How Israel's Iron Dome Missile Shield Works?

Here's How the Rocket Defense System Works, and the Ways It Has - and Hasn't - Changed the Conflict

You’ve probably seen the videos: dark skies illuminated by exploding balls of light, resembling alien spaceships in battle, or a terrifying fireworks display accompanied by air raid sirens.

This is the perspective of Israel’s Iron Dome, the country’s aerial defense system used to intercept incoming short-range rockets. The escalating conflict between Israel and Hamas, the Palestinian militia that controls Gaza, has provided a new glimpse of the Iron Dome in action.

The Iron Dome, developed by Israeli firms Rafael Advanced Defense Systems and Israel Aerospace Industries with some US assistance, went operational in 2011. The Iron Dome, one of the world’s most advanced defense systems, employs radar to detect and destroy incoming threats before they cause harm.

As per Israeli officials, it is about 90% effective at blocking short-range rockets used by Hamas and other groups in the region. The Iron Dome provides Israel with what Jean-Loup Samaan, a research affiliate with the Middle East Institute at the National University of Singapore who has studied Israel’s missile defense, refers to as an “insurance policy” — it reassures citizens while protecting against loss of life and property damage.

How does it work?

The system’s origins can be traced back to Israel’s 2006 war with Lebanon’s militant Hezbollah movement, when thousands of rockets were launched into Israel, causing massive damage, mass evacuations, and dozens of deaths. Following that, Israel announced the development of a new missile defense shield. 

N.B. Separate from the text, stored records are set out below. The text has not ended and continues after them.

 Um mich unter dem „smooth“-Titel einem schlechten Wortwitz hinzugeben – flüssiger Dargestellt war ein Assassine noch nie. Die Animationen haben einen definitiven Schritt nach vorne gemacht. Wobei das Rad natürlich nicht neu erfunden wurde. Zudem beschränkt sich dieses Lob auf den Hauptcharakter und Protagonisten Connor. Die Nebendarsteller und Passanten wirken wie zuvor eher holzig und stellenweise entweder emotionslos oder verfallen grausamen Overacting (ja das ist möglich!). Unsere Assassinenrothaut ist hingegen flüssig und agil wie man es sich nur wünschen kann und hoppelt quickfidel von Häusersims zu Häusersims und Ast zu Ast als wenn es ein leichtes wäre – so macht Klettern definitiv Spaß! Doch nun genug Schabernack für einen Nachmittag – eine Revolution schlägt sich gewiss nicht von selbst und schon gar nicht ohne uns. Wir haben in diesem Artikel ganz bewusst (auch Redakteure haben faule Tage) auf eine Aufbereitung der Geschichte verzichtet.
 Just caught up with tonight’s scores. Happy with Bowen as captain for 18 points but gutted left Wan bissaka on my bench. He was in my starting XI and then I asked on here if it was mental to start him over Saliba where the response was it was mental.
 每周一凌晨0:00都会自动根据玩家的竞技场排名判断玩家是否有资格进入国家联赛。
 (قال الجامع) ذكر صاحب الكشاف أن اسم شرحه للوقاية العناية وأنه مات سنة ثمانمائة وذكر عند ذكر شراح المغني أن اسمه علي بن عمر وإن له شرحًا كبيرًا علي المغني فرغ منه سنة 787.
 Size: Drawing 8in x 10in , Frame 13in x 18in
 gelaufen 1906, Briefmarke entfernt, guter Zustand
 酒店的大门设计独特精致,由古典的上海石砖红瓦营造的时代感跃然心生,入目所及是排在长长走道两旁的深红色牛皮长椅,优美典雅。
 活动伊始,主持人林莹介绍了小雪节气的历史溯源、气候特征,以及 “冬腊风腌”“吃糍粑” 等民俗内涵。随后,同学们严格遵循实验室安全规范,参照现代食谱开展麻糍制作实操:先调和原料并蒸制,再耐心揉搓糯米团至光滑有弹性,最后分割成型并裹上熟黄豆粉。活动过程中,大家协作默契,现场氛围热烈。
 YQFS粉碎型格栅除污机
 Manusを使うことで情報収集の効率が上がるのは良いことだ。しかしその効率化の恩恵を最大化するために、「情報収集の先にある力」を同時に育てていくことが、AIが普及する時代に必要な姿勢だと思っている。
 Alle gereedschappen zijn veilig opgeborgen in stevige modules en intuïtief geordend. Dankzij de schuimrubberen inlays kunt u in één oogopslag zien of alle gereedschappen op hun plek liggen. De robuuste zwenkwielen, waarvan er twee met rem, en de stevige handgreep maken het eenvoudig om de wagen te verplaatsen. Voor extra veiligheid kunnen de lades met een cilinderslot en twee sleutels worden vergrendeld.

Given the low precision of shooting artisanal uncontrolled projectiles, the Iron Dome system’s designers adopted the concept of selective interception of targets. When a projectile is detected, the Iron Dome Missile System battle control room classifies it and evaluates the threat based on an analysis of its trajectory and estimated impact area. Only if the munition poses a threat to the protected locality or territory is a command to intercept and destroy the target issued. When fired at a medium-intensity city, one system, according to the designers, can provide medium-size city missile defense.

The chance of intercepting a single target is up to 90%. The target is destroyed at a great distance, which reduces the risk of collateral damage to the defended object, even during a chemical munitions attack. The system works in any weather, including low cloud cover, rain, dust storms, and dense fog. One Iron Dome battery can defend a 150-square-kilometer area against missiles. The battery can operate autonomously or as part of a multi-tiered missile defense system.

It consists of three components, as is typical of most air defense systems: radar that detects the incoming rocket; a command-and-control system that handles that information and then triggers the interceptor — essentially a missile whose role is to destroy the other rocket.

1: Radar (EL/M-2084)

The ELM-2084 is a ground-based mobile 3D Active electronically scanned array (AESA) multi-mission radar (MMR) family developed by ELTA Systems Ltd (ELTA), an Israel Aerospace Industries subsidiary. The radar can detect and track aircraft and ballistic targets, as well as provide fire control assistance for missile interception or artillery air defense.

In 2016, the Czech Republic signed a contract to buy 8 radars for $144m. This means the cost of one radar was nearly $14.25m in 2016. This is the biggest drawback still in this system as the cost is very much high compared to other radars. But, this is due to the greater advancement they have integrated into this radar than any other ever existed.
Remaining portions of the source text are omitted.